No segundo dia eu já não queria mais ficar em casa.  Primeiro porque me esqueci das dores horrendas que tirar dentes provoca, segundo porque não conseguia comer o que eu quisesse – que é uma das coisas legais ao se fazer em casa. Tipo ver filme do Woody Allen comendo pipoca. Pipoca sem 3 dentes? Jamé – e terceiro que os remédios começaram a agredir meu estômago e eu não dormi direito porque de 3 em 3 horas tinha ataque de queimação. Foram dias horrendos.

A culpa, porém, não foi apenas da dor, de não poder comer pipoca nem dormir direito, mas sim que eu tive dias completamente improdutivos. Dias em que ler não me deixava feliz, ver TV muito menos e dormir sem chance porque a ansiedade havia me pegado de jeito. Foi quando no quarto e último dia de atestado eu me peguei pensando naquilo que jamais pensei que pensaria: “não vejo a hora de ficar bem para poder voltar para o trabalho”. É. Virei desses adultos.

Deixe-me explicar o problema dessa frase: para mim existem dois tipos de pessoas: aquelas que durante as férias – se não forem viajar – conseguem ficar em casa de boa, lendo, bebendo vinho, comendo, dormindo de madrugada, indo à feira etc,  e tem  aquelas que ficam malucas em casa. Começam a criar tarefas desnecessárias apenas para sentir que estão fazendo alguma coisa. Eu nunca entendi essas pessoas, eu sempre (repito: sempre!) teria o que fazer de divertido em casa. Mas eis que me enganei.

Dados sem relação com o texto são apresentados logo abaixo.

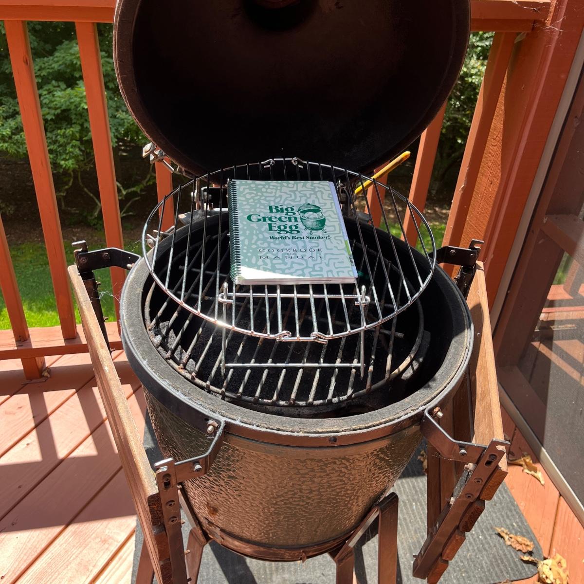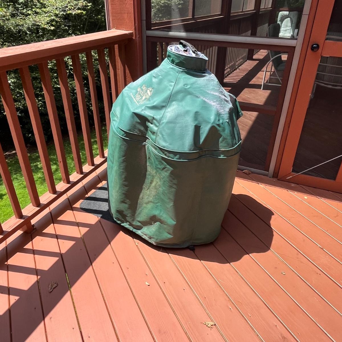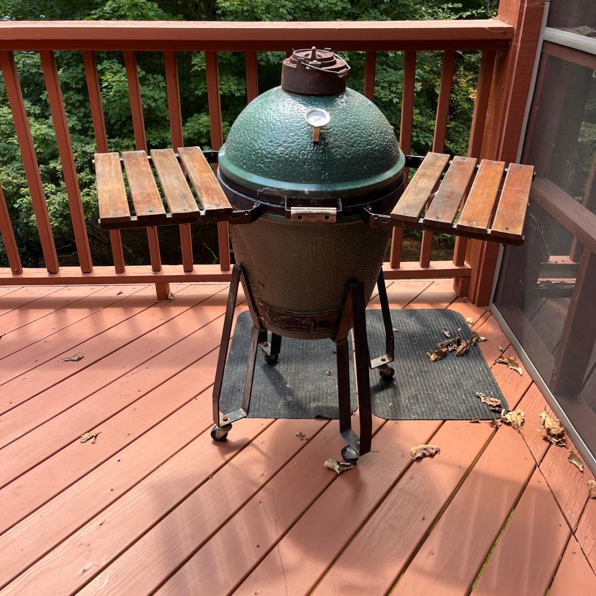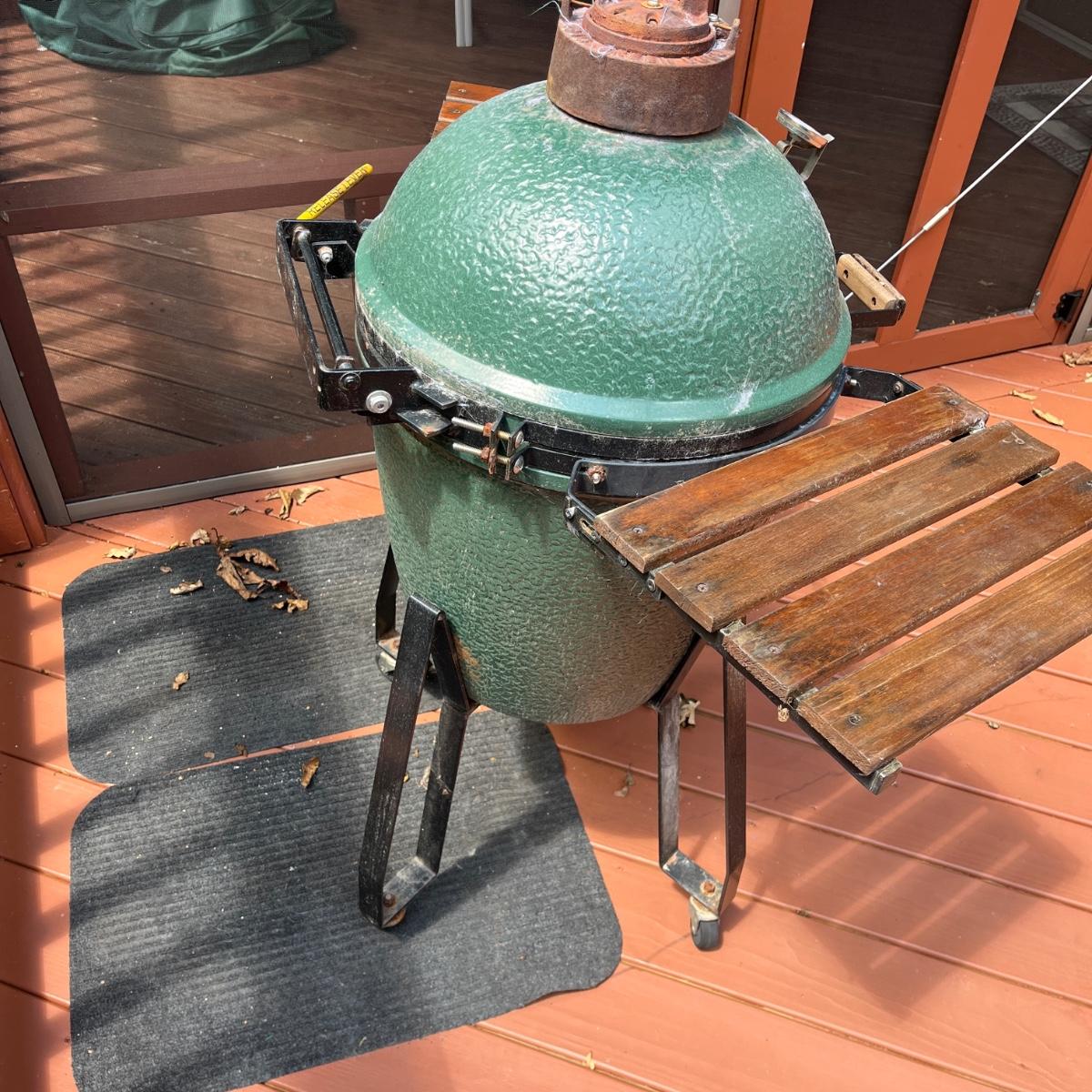 Lot includes a Big Green Egg with stand on wheels and cover. Item with stand measures 26” x 24” x 42”H with sides folded down. Cover is well worn, see pictures.
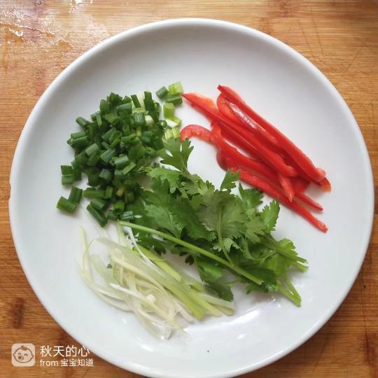 4.辣椒洗干净切丝备用,小葱洗干净,切末,葱梗切成丝备用,香菜切段备用。
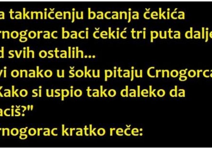 Na takmičenju bacanja čekića Crnogorac baci čekić tri puta dalje od svih ostalih…
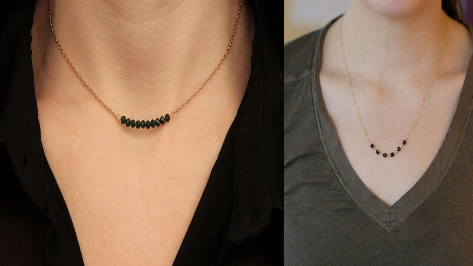 यहां पर मंगलसूत्र के दो डिजाइन दिखाए गए हैं। पतले चेन में जहां एक बीड्स लगे हैं। जो सोने की चमक को फ्लॉन्ट करने में हेल्प कर रही है। वहीं दूसरे में 3 ब्लैक बीड्स और दो गोल्ड बीड्स चेन में पिरोए गए हैं। इस तरह के मंगलसूत्र वर्किंग वुमन की पहली पसंद है। वो ऑफिस में इसे वेस्टर्न आउटफिट के साथ भी पहनकर जा सकती हैं। ट्रेडिशनल के साथ-साथ इस तरह के मंगलसूत्र मॉर्डन लुक भी देते हैं।
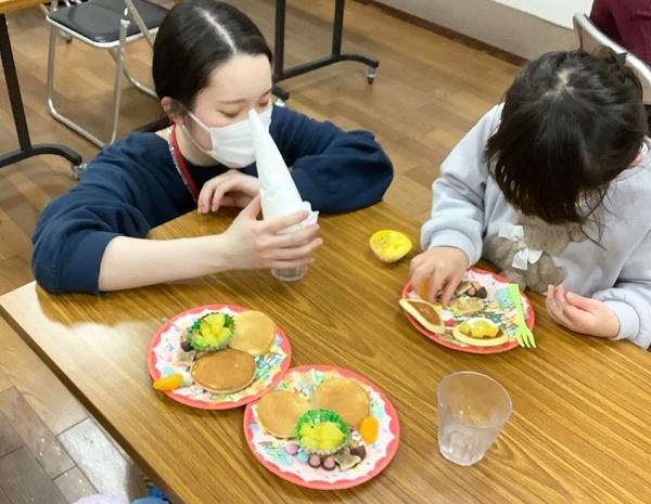 焼きあがったパンケーキをこどもたちに配った後は、自分たちでトッピングをしてもらいます。
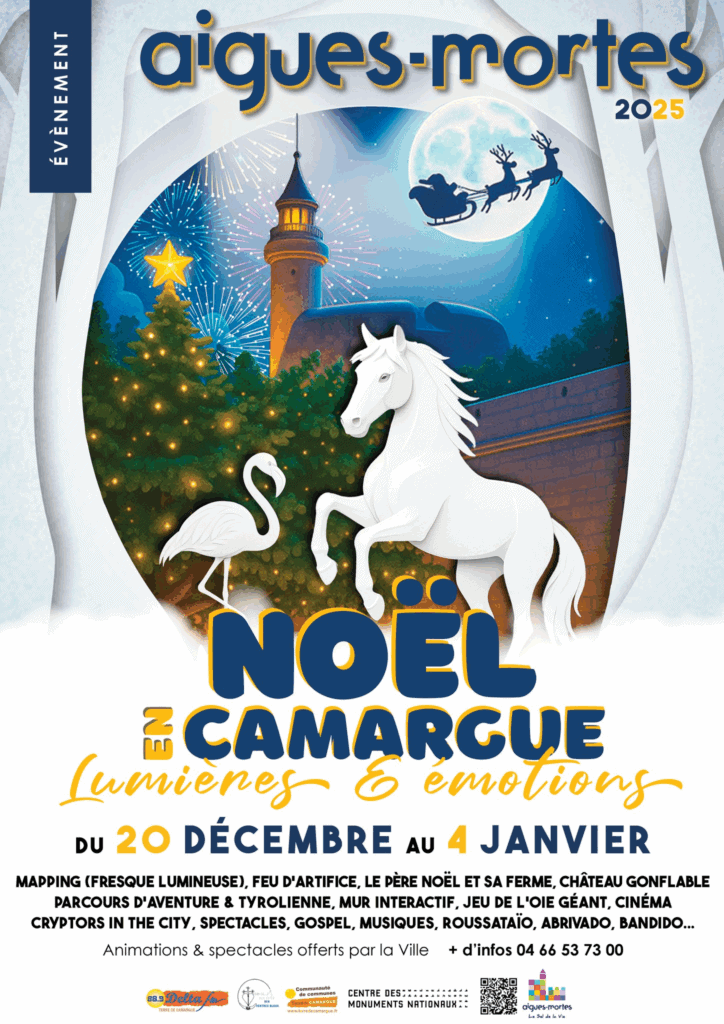 Du samedi 20 décembre au dimanche 4 janvier 2026, Aigues-Mortes (Gard) se pare de lumières et célèbre les fêtes de fin d’année. Pendant plusieurs jours, la cité médiévale s’anime et propose un programme mêlant spectacles, traditions locales, féérie hivernale, animations pour enfants et moments de partage dans une ambiance chaleureuse.

Durante meus dias de repouso e cara inchada, não conseguia fazer as coisas que normalmente seriam suficientes para preencher minha cabeça, me divertir e distrair. Essas coisas passaram a não ser suficientes para tirar de foco os diabinhos trabalhando (para quem não entendeu: cabeça vazia, oficina do diabo. Logo imagino que nessa oficina tem vários diabinhos trabalhando. Então eu preciso fazer algo para que os diabinhos não trabalhem. Faz sentido, certo?). Ler não mandava os diabinhos descansar, dormir muito menos e os diabinhos não me deixavam em paz se eu não fizesse algo que não fosse produtivo. Coisas do tipo revisar meus textos, lavar a lousa, organizar minha pasta de fotos no computador.

Seria isso sinal de que a vida pessoal está tão merda que eu não vejo a hora de voltar para a profissional? Seria uma revelação e tanto. De qualquer maneira, tudo o que sei é que a partir de agora vou poder erguer o queixo como todo mundo e falar “Ai. Eu fico louca se ficar em casa”.  Ótimo.